Division of Cardiology, Duke University Medical Center, Durham, North Carolina, USA.
Department of Cardiology and Berlin Institute of Health Center for Regenerative Therapies, German Center for Cardiovascular Research Partner Site Berlin, Charité Universitätsmedizin Berlin, Berlin, Germany.
J Card Fail. 2023 May;29(5):760-770. doi: 10.1016/j.cardfail.2022.10.423. Epub 2022 Nov 2.
The 6-minute walk test (6MWT) is widely used to measure exercise capacity; however, the magnitude of change that is clinically meaningful for individuals is not well established in heart failure with reduced ejection fraction (HFrEF).

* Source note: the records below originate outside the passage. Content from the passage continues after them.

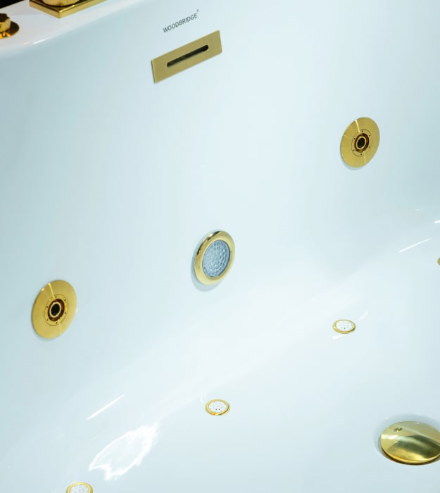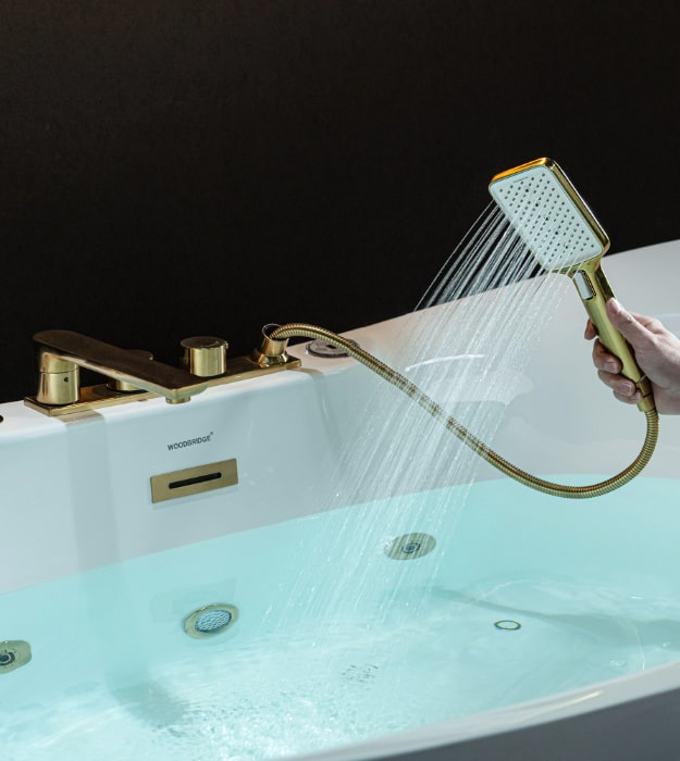 - Whirlpool and Air Bubble: Woodbridge BG400+F0045BG bathtub combined with whirlpool and air bubble jets in one tub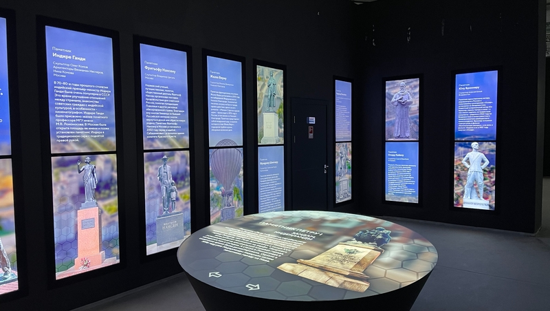 Для удобства зрителей на площадке работает экскурсовод — знакомит со всеми представленными мультимедийными экспонатами и показывает, как поучаствовать в мини-играх, викторинах и тестах.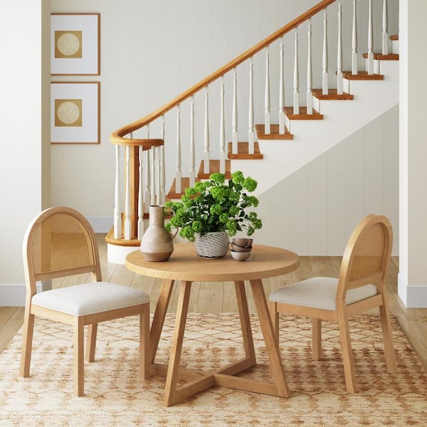 Be the first to ask a question for Nathan James Bailey 19 in. Boucle Upholstered Side Dining Chair w/ Rattan Back and Solid Wood Legs, Cream Boucle/Warm Pine, Set of 2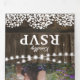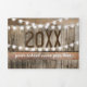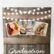 Um convite trifold de festa de formatura country rústico 2 em 1 com um fundo de barril de madeira rústico, luzes de corda cintilantes, padrão floral delicado de babys breath, fotos do formando, o ano da turma, detalhes da celebração de formatura e um cartão-postal de RSVP para os convidados destacarem e enviarem de volta.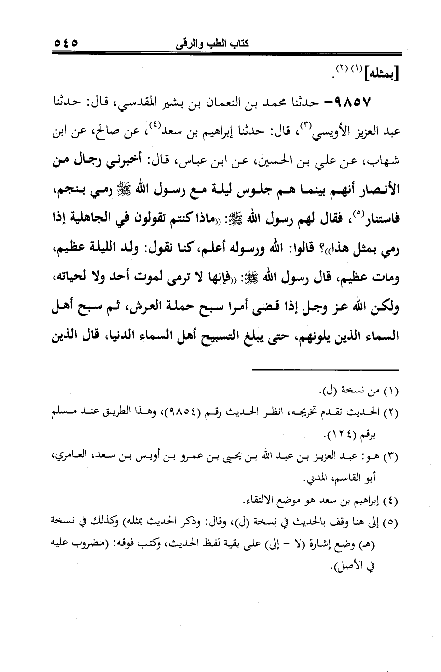 9857 - حدثنا محمد بن النعمان بن بشير المقدسي، قال: حدثنا عبد العزيز الأويسي (¬1)، قال: حدثنا إبراهيم بن سعد (¬2)، عن صالح، عن ابن شهاب، عن علي بن الحسين، عن ابن عباس، قال: أخبرني رجال من الأنصار أنهم بينما هم جلوس ليلة مع رسول الله -صلى الله عليه وسلم- رمي بنجم، فاستنار (¬3)، فقال لهم رسول الله -صلى الله عليه وسلم-: "ماذا كنتم تقولون في الجاهلية إذا رمي بمثل هذا"؟ قالوا: الله ورسوله أعلم، كنا نقول؟ ولد الليلة عظيم، ومات عظيم، قال رسول الله -صلى الله عليه وسلم-: "فإنها لا ترمى لموت أحد ولا لحياته، ولكن الله عز وجل إذا قضى أمرا سبح حملة العرش، ثم سبح أهل السماء الذين يلونهم، حتى يبلغ التسبيح أهل السماء الدنيا، قال الذين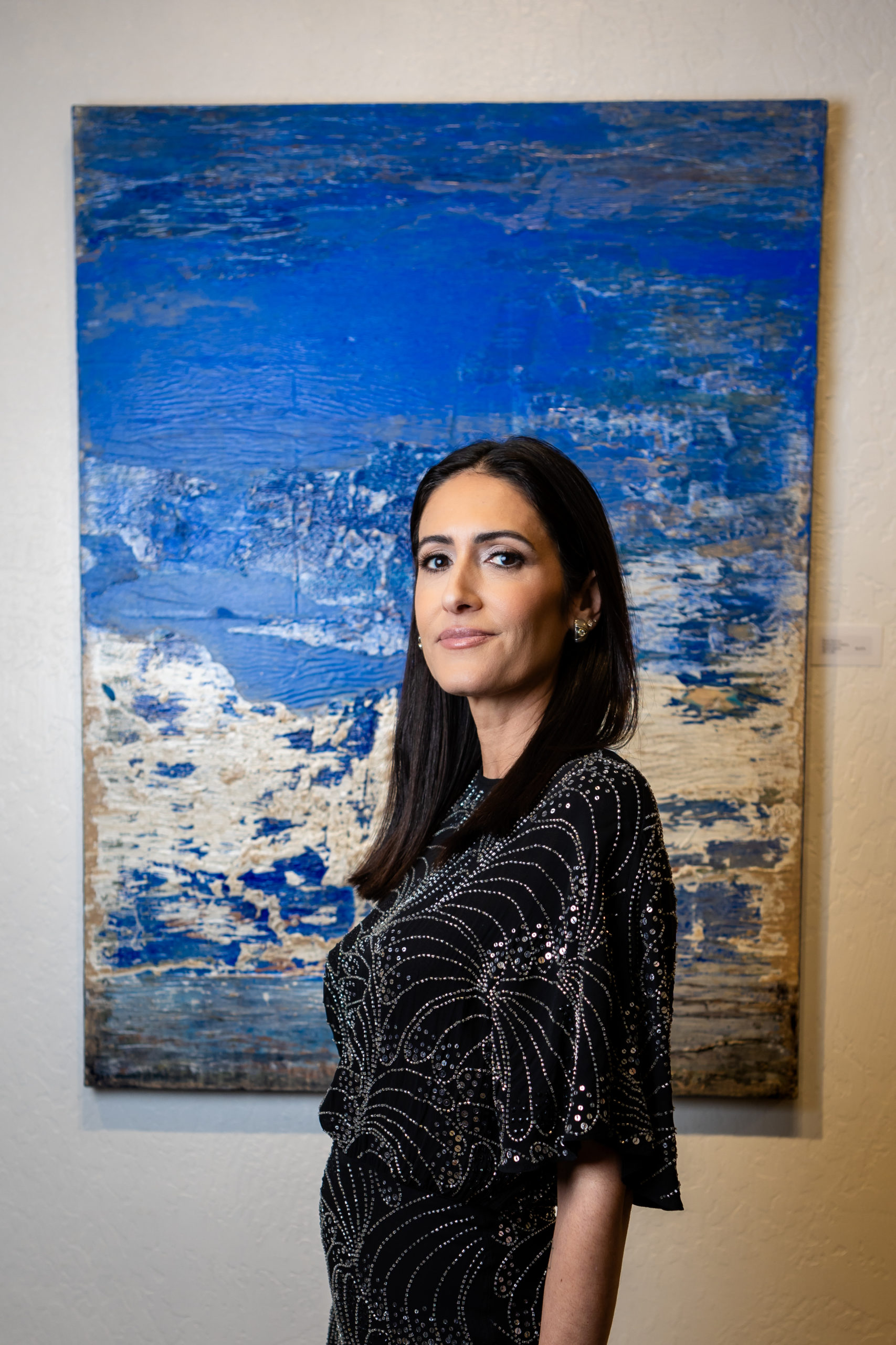 Samantha Da Silva in front of her work, “Blue Horizon,” at her exhibition opening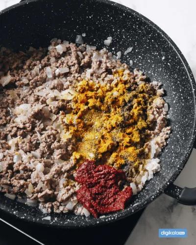 بعد از تفت خوردن گوشت، 1 قاشق رب گوجه فرنگی و ادویهها را به آن اضافه کنید.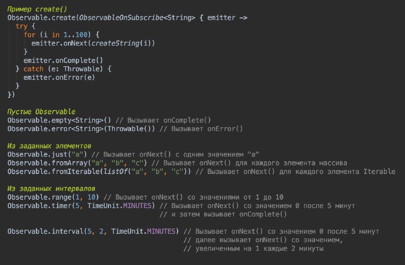 onComplete(). Эти методы используются для передачи значений вниз по RxJava цепочке.
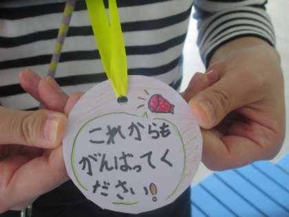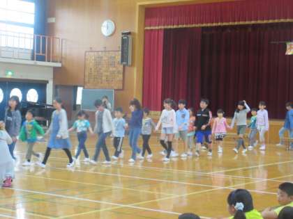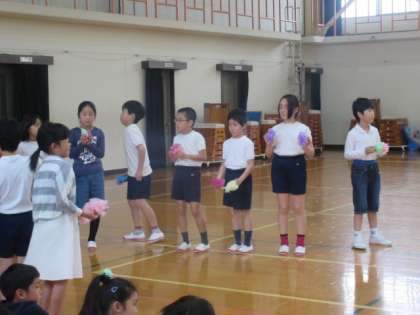 最後に全校で歌を歌ってお祝いしました。そして,拍手に送られて1年生が退場しました。4年生は,前での発表ではなく,1年生に心をこめてメダルをつくってくれたり,退場の花道を飾ってくれたりしました。心あたたまるすてきな会になりました。学校にも慣れた1年生は,今後,室町小学校の一員として活躍してくれることでしょう。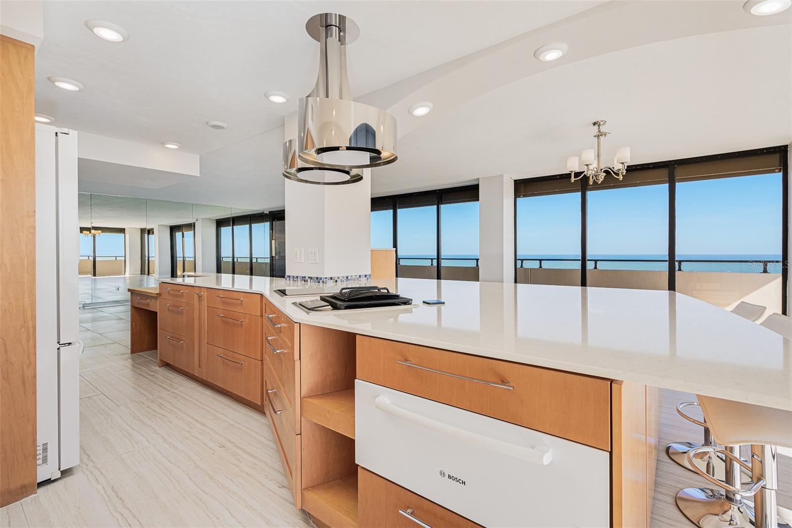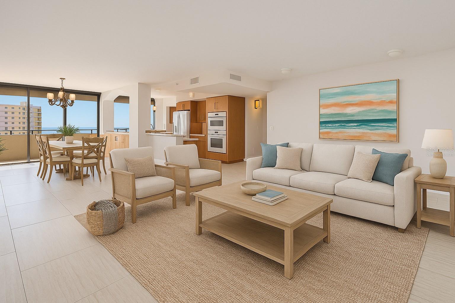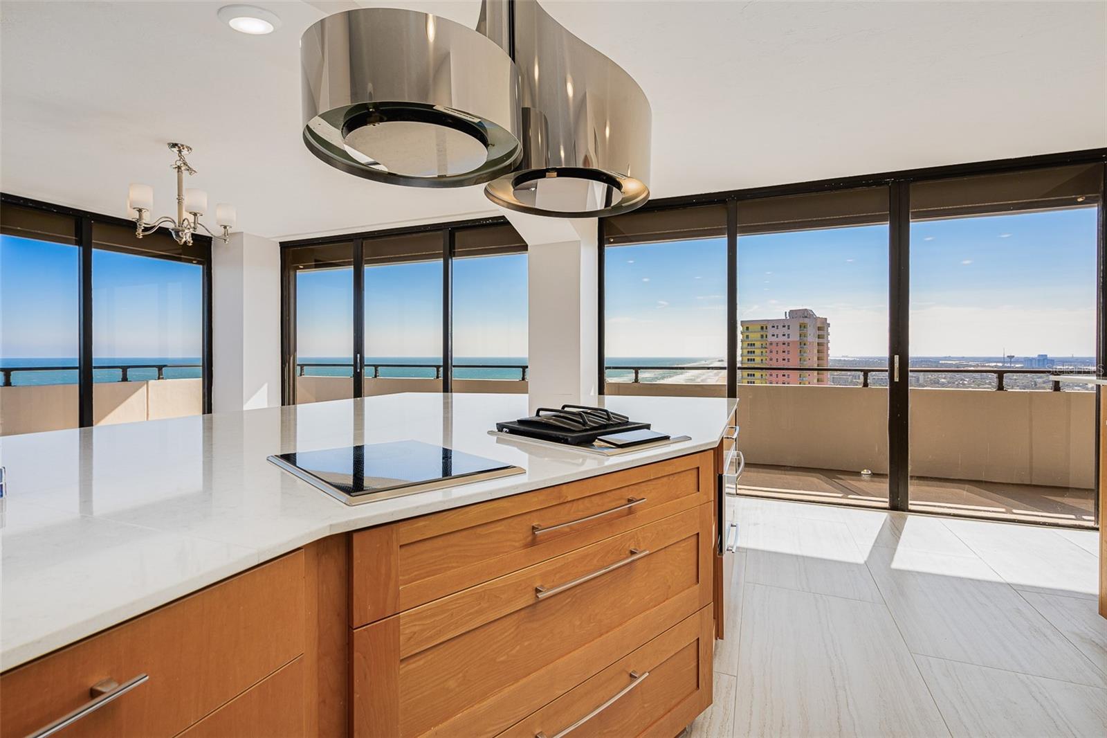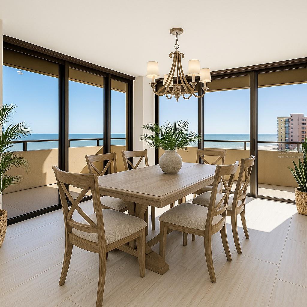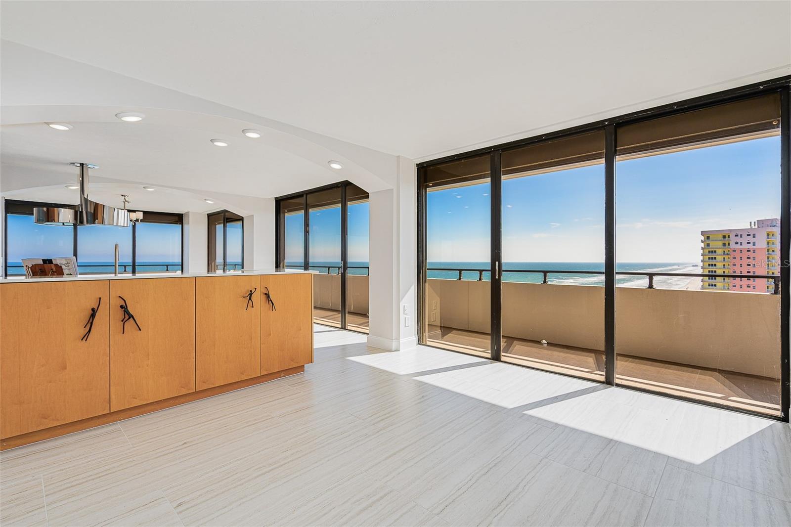 PRICE REDUCED & READY FOR SOMEONE TO CALL THIS STUNNING UNIT HOME. Recently renovated, this home in the sky with breathtaking ocean and river views that redefine luxury living. The Aliki Forum Condominium is renowned for its exclusivity, offering unparalleled privacy with only two units per floor. Upon arriving on the 15th floor, you'll experience a freshly updated private lobby and newly painted double doors that open to reveal a meticulously designed 2-bedroom, 2.5-bathroom beach oasis, complete with a den that can easily be converted into a third bedroom. Positioned on the coveted southeastern side, the wrap-around 180-degree balcony provides panoramic views of the Atlantic Ocean and the Intracoastal, offering the perfect vantage point to enjoy both sunrise and sunset vistas. The heart of this home features a designer kitchen with ample counter space, seamlessly blending into the open living area—ideal for entertaining while watching dolphins play in the surf. Updated luxury 2 x 4 ft. tile flooring, new baseboards, and fresh paint flow throughout the entire condominium, creating a modern, cohesive design. The master suite offers stunning ocean and river views, along with a spacious bathroom equipped with dual sinks and ample closet space. The second bedroom, with its serene ocean views, serves as a tranquil retreat. Throughout the unit, abundant natural light highlights the sophisticated updates, including new flooring, ensuring an elevated living experience. The in-unit laundry room has been upgraded with a new sink, granite countertops, cabinetry, and an LG washer and dryer. Hurricane shutters installed in 2018 add an extra layer of security and peace of mind. An optional second underground parking spot is available for an additional fee. The Aliki Forum is one of the few condominium buildings along the coast to successfully pass its 2024 milestone review and structural integrity report, assuring quality and safety. Amenities include a refreshed luxury lobby, a sparkling pool with an outdoor shower and BBQ area, and a fully equipped gym. The building's reputation for privacy is enhanced by on-site management, secure owner parking, and a sense of exclusivity. Conveniently located near Bellair Plaza's shops and restaurants, Publix, and a UPS store, this residence is perfectly situated for modern living. Don't miss the opportunity to make this exclusive condo your own. Contact the listing agent today to schedule a private tour and experience refined coastal living at 2200 N Atlantic Avenue #1502. One or more images have been virtually staged. Additional Highlights: VA-approved building HOA includes cable, Wi-Fi, trash, building insurance, and pest control Pet-friendly community On-site maintenance and manager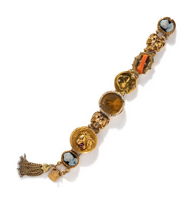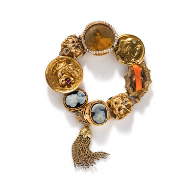 Eight charms including two onyx cameos, a miniature with seed pearls, coral, two lion charms with garnet eyes and old European cut diamonds, and one lion slide set with a round ruby. Yellow gold. 7 1/2 inches long.
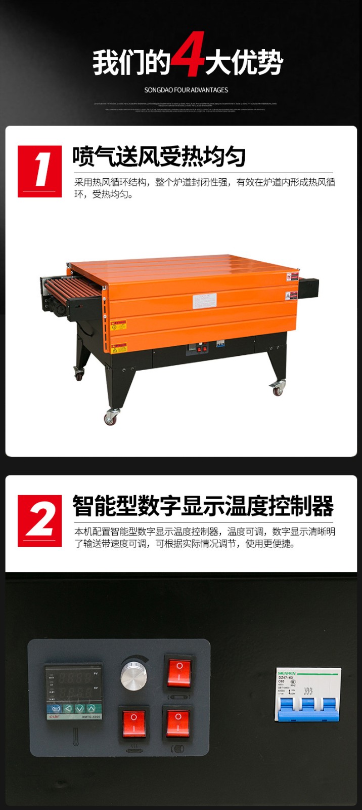 - 緊密貼合產品:噴氣式收縮機利用熱空氣噴射,使薄膜能夠緊密地貼合在產品的每一個角落和輪廓上。對于形狀復雜的產品,如帶有凹凸紋理的手工藝品或不規則形狀的機械零件,噴氣式熱空氣能沿著產品表面流動,確保薄膜均勻收縮,呈現出精致的包裝外觀。這種緊密貼合還可以增強產品在運輸和展示過程中的穩定性,防止產品晃動或相互碰撞而受損。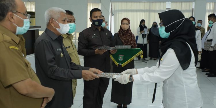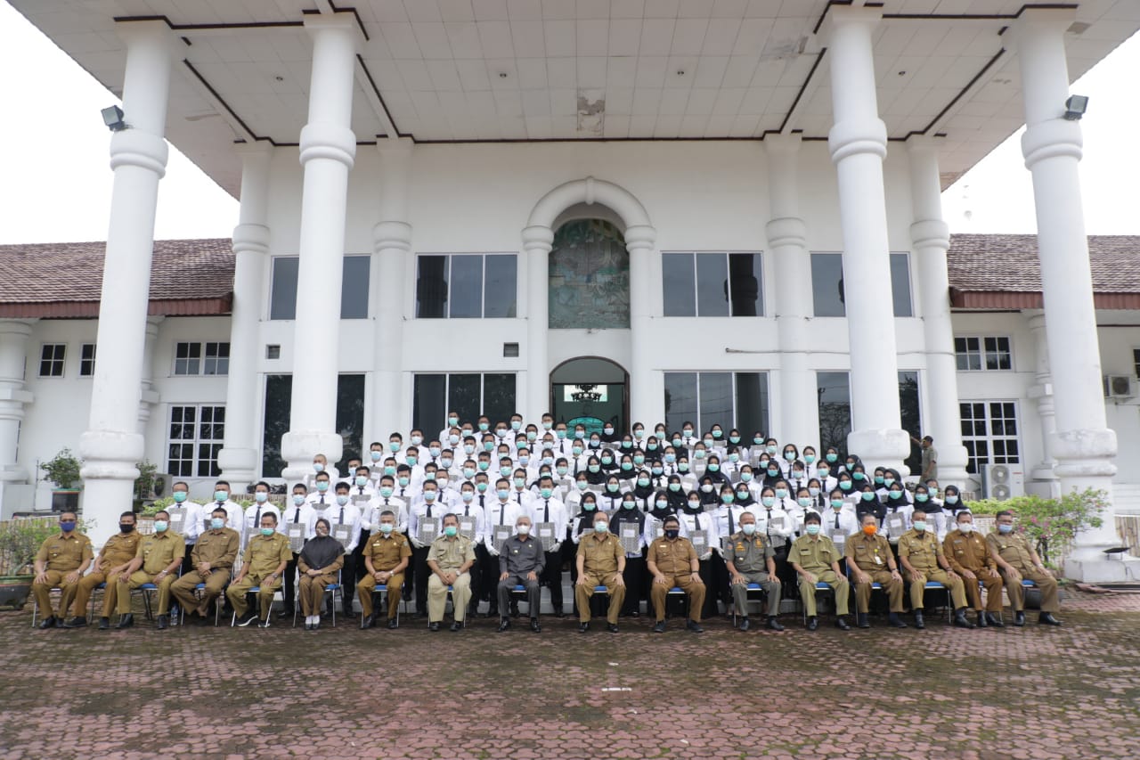 TASLABNEWS, ASAHAN – Sebanyak 106 CPNS di lingkungan Pemerintah Kabupaten (Pemkab) Asahan formasi tahun 2019 menerima Surat Keputusan (SK) Bupati Asahan tentang pengangkatan Calon Pegawai Negeri Sipil (CPNS) di lingkungan Pemkab Asahan Formasi Tahun 2021, Selasa (12/01/2021)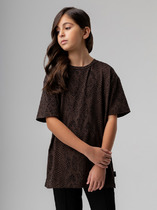 Футболка оверсайз для девочки подростка. Модель удлиненная, выполнена из меланжевого хлопкового трикотажа джерси. Красочный принт. Горловина круглая. В нижней части — небольшая нашивка.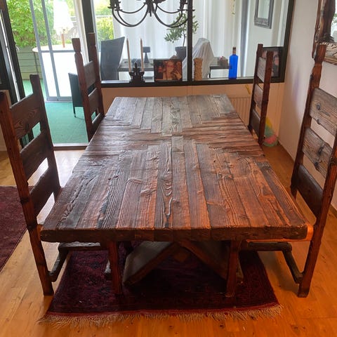 Smukt antikt bord med indlæg i bordpladen og mønster på ben.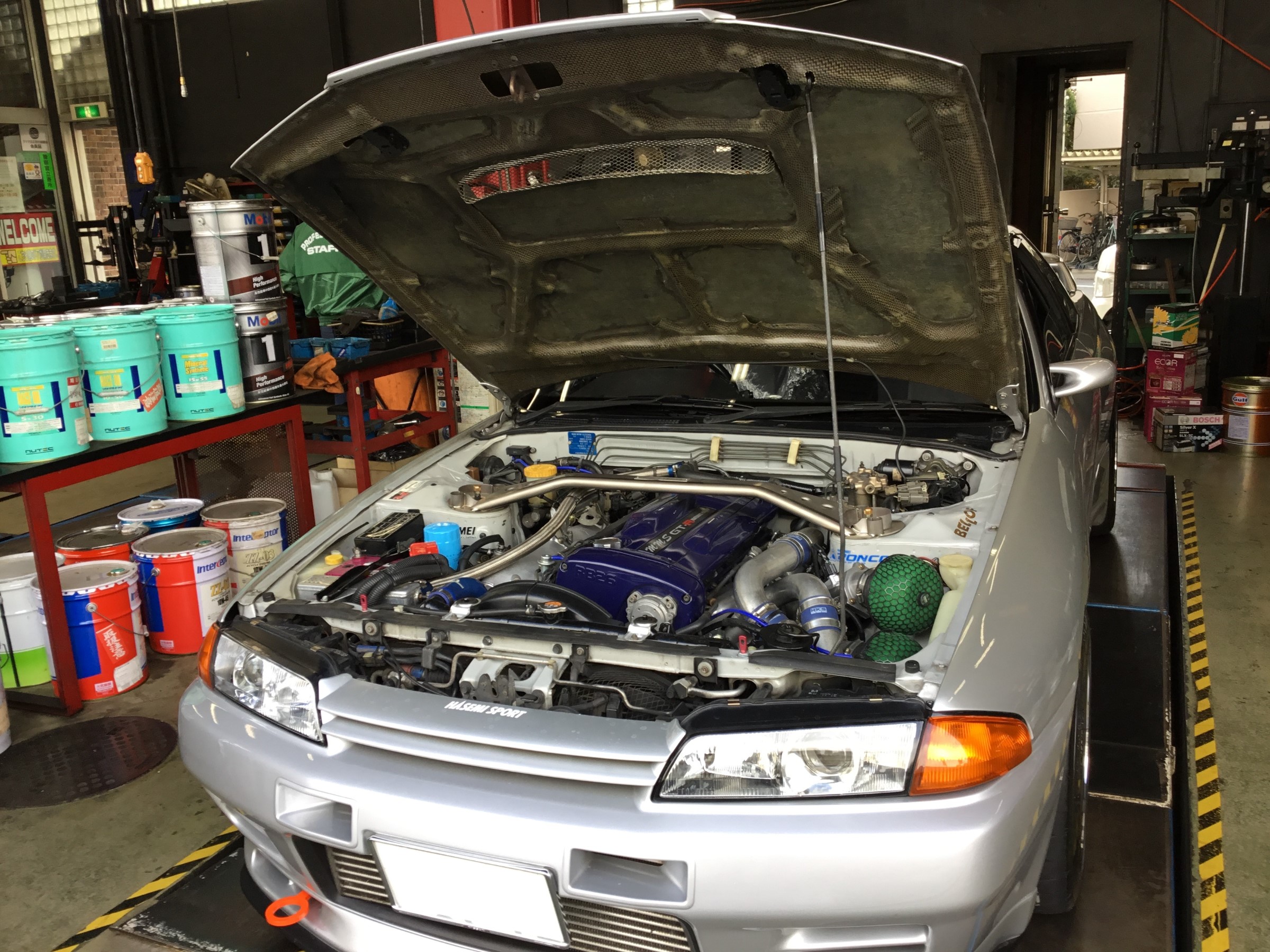 サーキット走行をされたR32 GT-Rのメンテナンス作業です。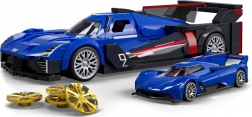 Sastavite kultni automobil Cadillac Project GTP Hypercar iz serije HOT WHEELS Brick Shop od 236 dijelova u mjerilu 1:32. Model s plavom karoserijom, metalnim dijelovima i pokretnim elementima (otvarajuća vrata, upravljanje kotačima) nudi puno zabave i mogućnost unapređivanja izgleda. U kompletu je i kolekcionarski mini model 1:64 – idealan za izlaganje.

To calculate the minimal clinically important difference (MCID) for change in exercise capacity in the 6MWT in iron-deficient populations with HFrEF.
In this pooled secondary analysis of the FAIR-HF and CONFIRM-HF trials, mean changes in the 6MWT from baseline to weeks 12 and 24 were calculated and calibrated against the Patient Global Assessment (PGA) tool (clinical anchor) to derive MCIDs in improvement and deterioration.
Of 760 patients included in the 2 trials, 6MWT and PGA data were available for 680 (89%) and 656 (86%) patients at weeks 12 and 24, respectively. The mean 6MWT distance at baseline was 281 ± 103 meters. There was a modest correlation between changes in 6MWT and PGA from baseline to week 12 (r = 0.31; P < 0.0001) and week 24 (r = 0.43; P < 0.0001). Respective estimates (95% confidence intervals) of MCID in 6MWT at weeks 12 and 24 were 14 meters (5;23) and 15 meters (3;27) for a "little improvement" (vs no change), 20 meters (10;30) and 24 meters (12;36) for moderate improvement vs a "little improvement,", -11 meters (-32;9.2) and -31 meters (-53;-8) for a "little deterioration" (vs no change), and -84 meters (-144;-24) and -69 meters (-118;-20) for "moderate deterioration" vs a "little deterioration".
The MCID for improvement in exercise capacity in the 6MWT was 14 meters-15 meters in patients with HFrEF and iron deficiency. These MCIDs can aid clinical interpretation of study data.
6 分钟步行试验(6MWT)被广泛用于测量运动能力;然而,对于射血分数降低的心力衰竭(HFrEF)患者,个体的临床意义上的变化幅度尚未得到很好的确定。
计算缺铁性 HFrEF 人群中 6MWT 运动能力变化的最小临床重要差异(MCID)。
在 FAIR-HF 和 CONFIRM-HF 试验的这一汇总二次分析中,从基线到第 12 周和第 24 周计算了 6MWT 的平均变化,并与患者整体评估(PGA)工具(临床锚)进行校准,以得出改善和恶化的 MCID。
在这两项试验的 760 名患者中,有 680 名(89%)和 656 名(86%)患者在第 12 周和第 24 周分别有 6MWT 和 PGA 数据。基线时 6MWT 的平均距离为 281±103 米。从基线到第 12 周(r=0.31;P<0.0001)和第 24 周(r=0.43;P<0.0001),6MWT 和 PGA 的变化之间存在适度相关性。第 12 周和第 24 周 6MWT 的 MCID 估计值(95%置信区间)分别为 14 米(5;23)和 15 米(3;27),用于“略有改善”(与无变化相比),20 米(10;30)和 24 米(12;36),用于“中度改善”与“略有改善”相比,-11 米(-32;9.2)和-31 米(-53;-8),用于“略有恶化”(与无变化相比),-84 米(-144;-24)和-69 米(-118;-20),用于“中度恶化”与“略有恶化”相比。
在缺铁性 HFrEF 患者中,6MWT 运动能力改善的 MCID 为 14 米-15 米。这些 MCID 可以帮助临床解释研究数据。